■ RECORDS FOR THE EXERCISE ■

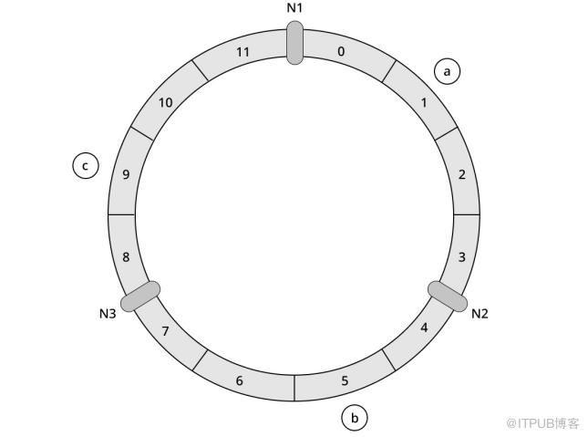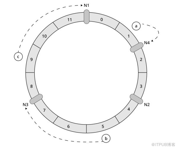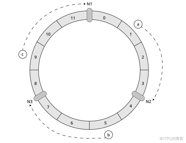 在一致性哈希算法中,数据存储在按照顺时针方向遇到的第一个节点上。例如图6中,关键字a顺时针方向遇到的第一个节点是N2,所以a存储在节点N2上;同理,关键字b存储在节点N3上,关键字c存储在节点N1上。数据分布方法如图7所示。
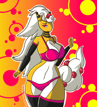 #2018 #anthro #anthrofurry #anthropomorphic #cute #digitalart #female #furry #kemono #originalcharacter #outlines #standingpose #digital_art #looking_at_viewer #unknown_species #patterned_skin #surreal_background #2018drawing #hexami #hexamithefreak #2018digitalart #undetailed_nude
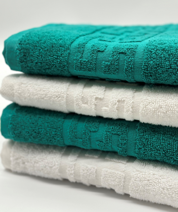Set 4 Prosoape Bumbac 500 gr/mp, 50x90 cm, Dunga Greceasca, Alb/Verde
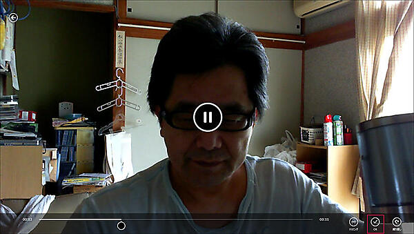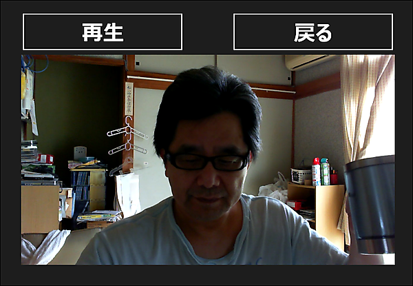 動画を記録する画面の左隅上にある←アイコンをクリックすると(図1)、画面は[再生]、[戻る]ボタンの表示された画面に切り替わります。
...
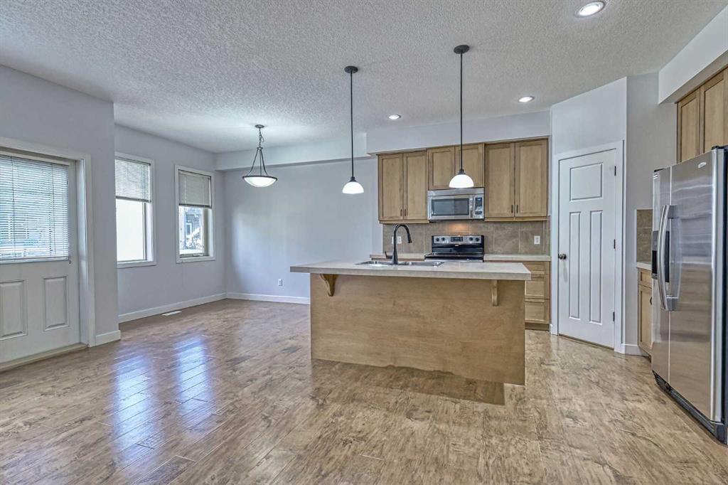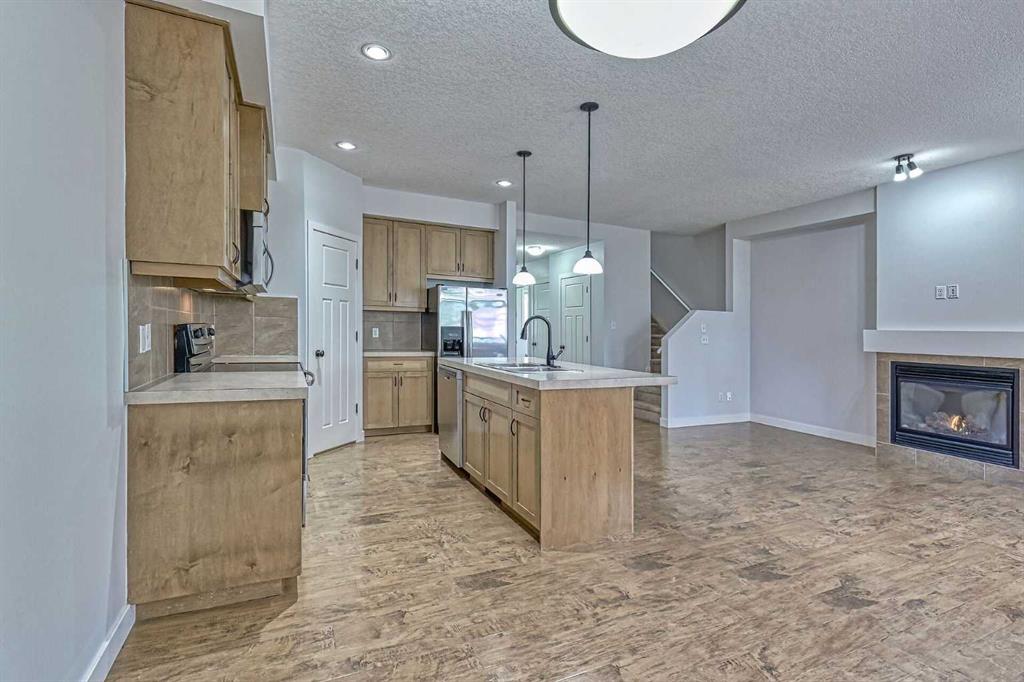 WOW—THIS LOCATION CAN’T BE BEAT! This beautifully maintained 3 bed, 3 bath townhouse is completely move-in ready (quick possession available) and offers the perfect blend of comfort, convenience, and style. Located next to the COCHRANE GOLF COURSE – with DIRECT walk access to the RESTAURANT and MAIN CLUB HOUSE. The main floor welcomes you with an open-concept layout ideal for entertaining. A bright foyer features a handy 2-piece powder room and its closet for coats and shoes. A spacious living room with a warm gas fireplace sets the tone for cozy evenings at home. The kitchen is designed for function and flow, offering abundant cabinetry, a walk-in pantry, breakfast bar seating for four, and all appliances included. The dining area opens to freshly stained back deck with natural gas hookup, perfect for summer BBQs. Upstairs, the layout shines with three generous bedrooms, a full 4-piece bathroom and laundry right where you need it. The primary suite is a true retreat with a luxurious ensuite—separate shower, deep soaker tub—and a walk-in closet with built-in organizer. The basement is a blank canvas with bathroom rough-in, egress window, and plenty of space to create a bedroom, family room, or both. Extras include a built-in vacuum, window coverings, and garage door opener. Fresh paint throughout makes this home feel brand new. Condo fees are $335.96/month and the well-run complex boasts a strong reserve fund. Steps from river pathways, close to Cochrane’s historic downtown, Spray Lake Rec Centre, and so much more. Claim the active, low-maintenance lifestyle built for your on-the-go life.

■ INSTRUCTIONS FOR THE TASK ■
Within the listing above, extract exactly the lines that run from the one containing "Set 4 Prosoape" through the one containing "動画を記録する画面の左隅上に", excluding any pictures.

■ TASK RESULT ■
Set 4 Prosoape Bumbac 500 gr/mp, 50x90 cm, Dunga Greceasca, Alb/Verde
 動画を記録する画面の左隅上にある←アイコンをクリックすると(図1)、画面は[再生]、[戻る]ボタンの表示された画面に切り替わります。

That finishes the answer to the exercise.